• _EXERCISE DIRECTIONS_: Exclude the pictures, then repeat exactly each line from the one containing "Koraćeva je obukla" to the final line of the records that follow.

• _GIVEN DATA_:

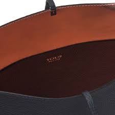 Bolsa saca TOUS colección Leissa de piel bovina con efecto troqueado en color azul marino. Cierre con cordón de piel. Asa de bandolera ajustable y extraíble. Bolsillo interior plano. Medidas: 36x34x8 cm.
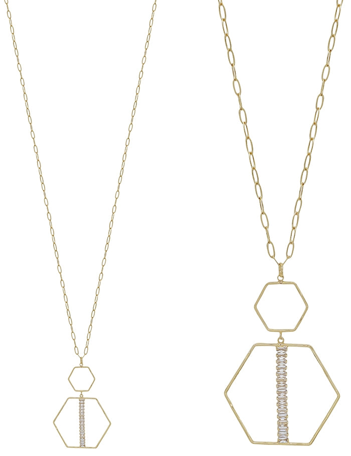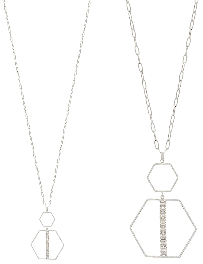 - Double Layered Rhinestone Hexagon Pendant
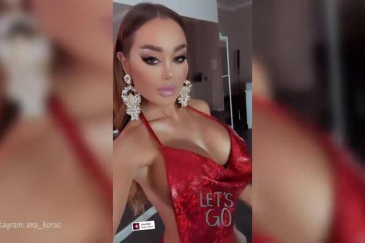 Koraćeva je obukla provokativnu crvenu haljinu sa golim leđima, a u prvom planu bio je njen dekolte i silikonske grudi. Slavljenica je svoj stajling upotpunila velikim minđušama.
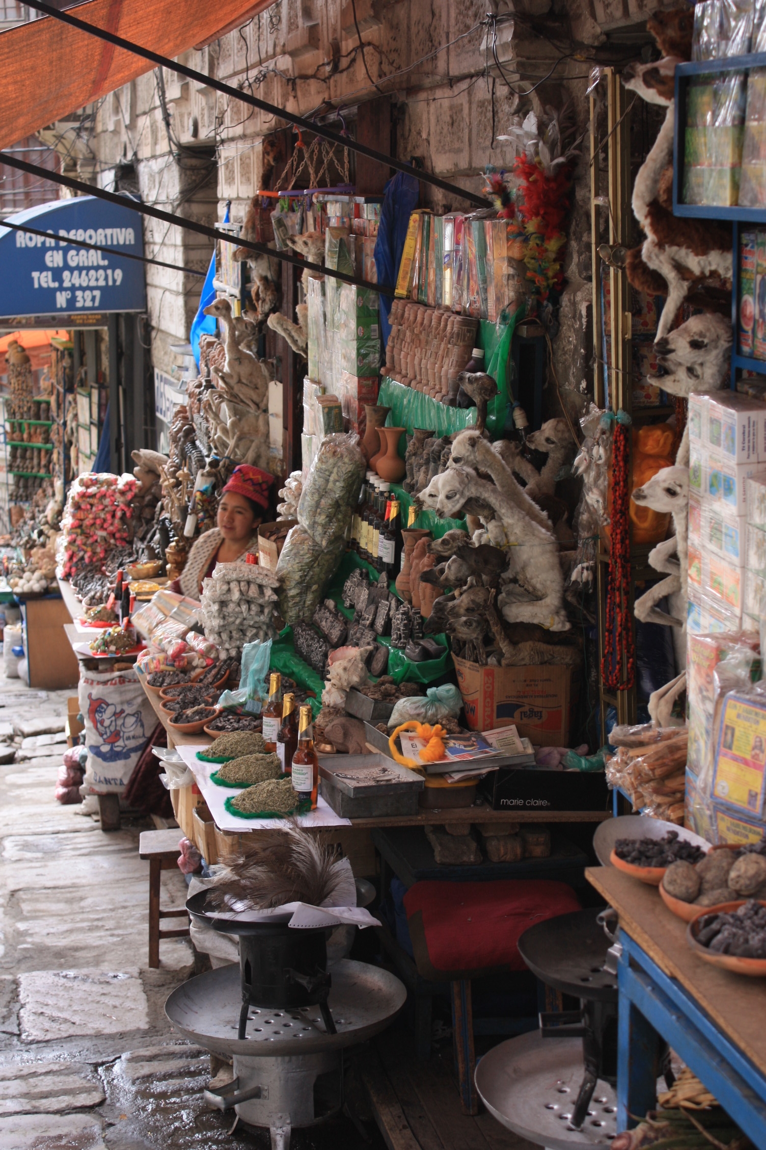 C’est tout de même le coeur triste que nous arpentons donc les rues sans intérêt de la ville qui n’a selon nous, aucun charme. Pas même de place des armes comme nous avions l’habitude depuis l’Equateur et le Pérou, nous ne trouvons ici qu’une rue bruyante, en guise de centre-ville. Nous apprécions tout de même les quelques boutiques près de notre hôtel, où se rassemblent les « sorcières ». On y trouve ainsi des foetus de lamas (à enterrer sous la première pierre de sa maison, en guise de chance), des étoiles de mer séchées et autres bizarreries dont nous ignorons l’usage, et une multitude de remèdes de grand-mères que nous n’avons pas osé tester.
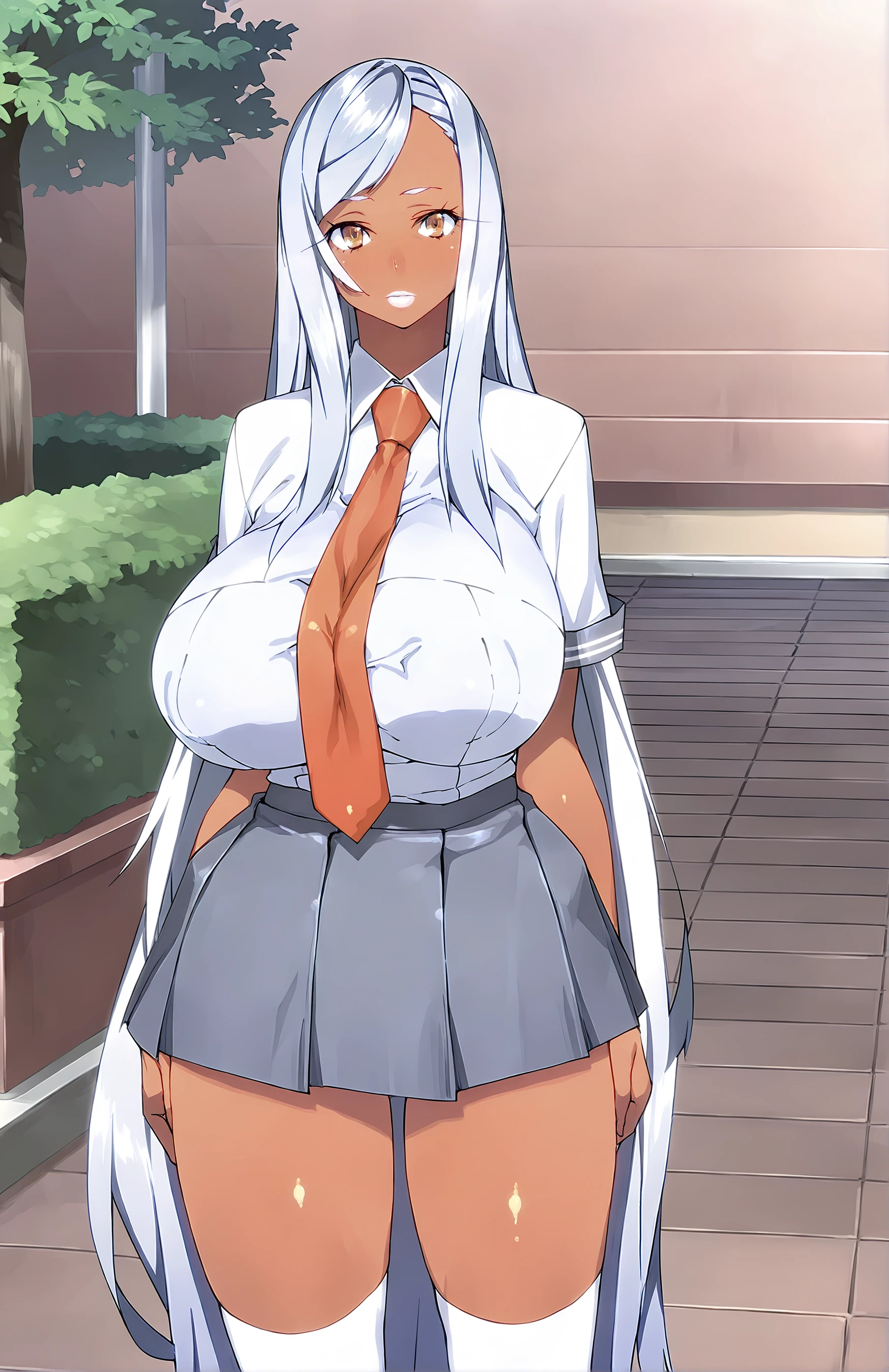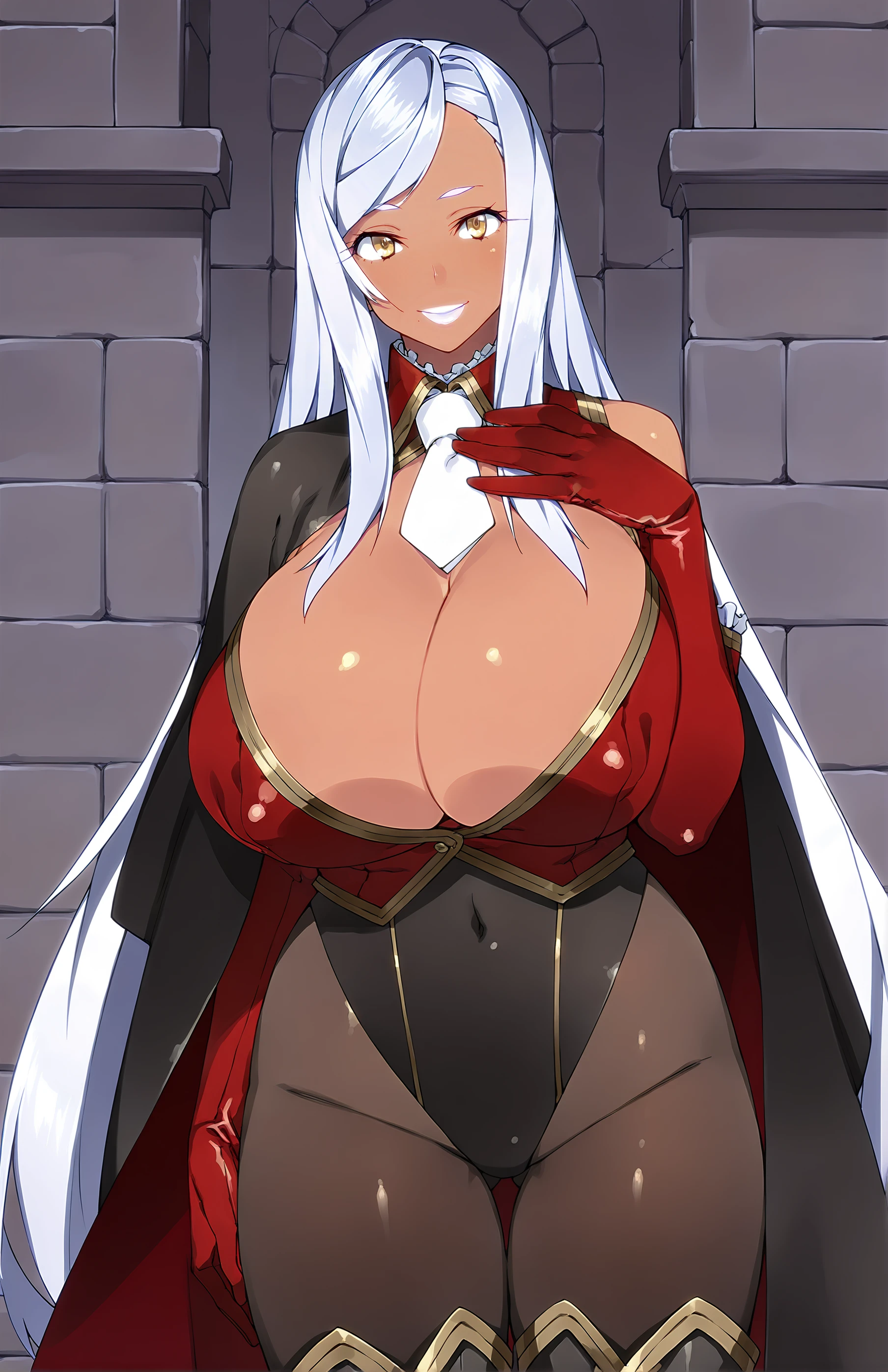 MitsukoSujata, long hair, breasts, large breasts, very long hair, yellow eyes, white hair, dark skin, huge breasts, dark-skinned female, white lips

• _SOLVED EXERCISE_:
 Koraćeva je obukla provokativnu crvenu haljinu sa golim leđima, a u prvom planu bio je njen dekolte i silikonske grudi. Slavljenica je svoj stajling upotpunila velikim minđušama.
 C’est tout de même le coeur triste que nous arpentons donc les rues sans intérêt de la ville qui n’a selon nous, aucun charme. Pas même de place des armes comme nous avions l’habitude depuis l’Equateur et le Pérou, nous ne trouvons ici qu’une rue bruyante, en guise de centre-ville. Nous apprécions tout de même les quelques boutiques près de notre hôtel, où se rassemblent les « sorcières ». On y trouve ainsi des foetus de lamas (à enterrer sous la première pierre de sa maison, en guise de chance), des étoiles de mer séchées et autres bizarreries dont nous ignorons l’usage, et une multitude de remèdes de grand-mères que nous n’avons pas osé tester.
 MitsukoSujata, long hair, breasts, large breasts, very long hair, yellow eyes, white hair, dark skin, huge breasts, dark-skinned female, white lips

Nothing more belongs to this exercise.